Literature and its place in our lives also played a seminal role in the next novel that I read, Anthony Doerr’s Cloud Cuckoo Land. My first encounter with Doerr was back in 2017, when his Pulitzer Prize-winning novel, All The Light We Cannot See made it to my Top 20 reading list. It was an interesting story about two children during the Second World War. However, I was not as impressed as I wanted to be for I was burdened by the abrupt transitions. Nevertheless, I wanted to find out what Doerr has to offer in his first novel in seven years. In a way, Cloud Cuckoo Land was similar to its predecessor. Rather than two storylines, the book had five storylines, six if you include the ancient Greek codex from which the novel derived its title. The main characters in Cloud Cuckoo Land were also children or at least they were children for the most part of the novel. What makes the novel unique was its ambitiousness. Beyond the book’s heft, it had grappled with several themes and subjects. Apart from the palpable connections to reading and ancient texts, the story of the five children, all misfits, was about overcoming life’s challenges. Through the main characters, a myriad of subjects was covered, ranging from environmental awareness to sexuality to mental health to love. While I appreciated the grandeur and the ambition, I found the connections between the stories ephemeral. It was too fragmented.


The theme for the coming weeks will still be 2021 titles. I wasn’t intending to purchase Elif Shafak’s latest novel, The Island of Missing Trees. I was a little underwhelmed by my last Shafak novel, The Bastard of Istanbul, but then I changed my mind, as a Cancer baby normally does. I have read nothing but positive reviews on the book. One review even concluded that it was the best of Shafak’s entire repertoire. After all, I am fascinated by Shafak’s examination of the tenuous relationships her native country has established with its neighbors.
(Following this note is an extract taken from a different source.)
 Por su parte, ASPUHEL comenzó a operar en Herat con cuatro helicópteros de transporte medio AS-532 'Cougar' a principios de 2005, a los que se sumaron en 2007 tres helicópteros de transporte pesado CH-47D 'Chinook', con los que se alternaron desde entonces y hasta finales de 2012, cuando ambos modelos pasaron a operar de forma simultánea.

It was in late 2021 that I have encountered Chibundu Onuzo’s Sankofa. I have never heard of Onuzo before nor have I read any of his works. However, there was something mysterious about Sankofa that piqued my curiosity.
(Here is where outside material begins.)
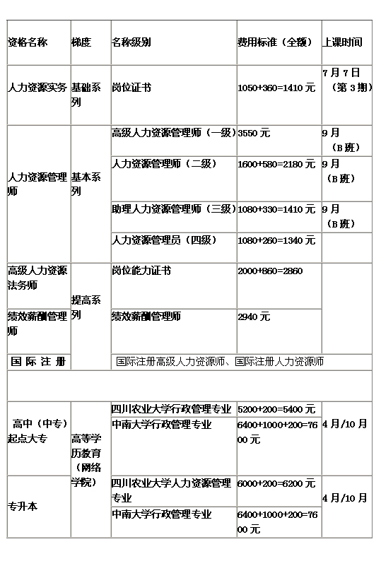 人力资源管理岗位证书、职业资格、学历文凭系列课程

I have also lined up Jonathan Franzen’s Crossroads and Taylor Jenkins Reid’s Malibu Rising in my reading journey. Like in the case of Ozeki and Shafak, I wasn’t planning on reading Franzen’s latest offering for I was hardly impressed by Freedom. But this year has developed into a year of reading redemptions so why not give Crossroads a chance. Honestly, I feel like the book resonates with the same themes as T.C. Boyle’s Drop City. It gives off that similar vibe. I have never read any of Jenkins Reid’s works before although I keep encountering her name. It was my erroneous perception of her works that kept me off of them. I thought that Jenkins Reid’s works were works of young adult fiction. But, of course, I would soon learn I was wrong.

That’s it for this week’s WWW Wednesday. I hope you are all doing great. Happy reading and always stay safe! Happy Wednesday again!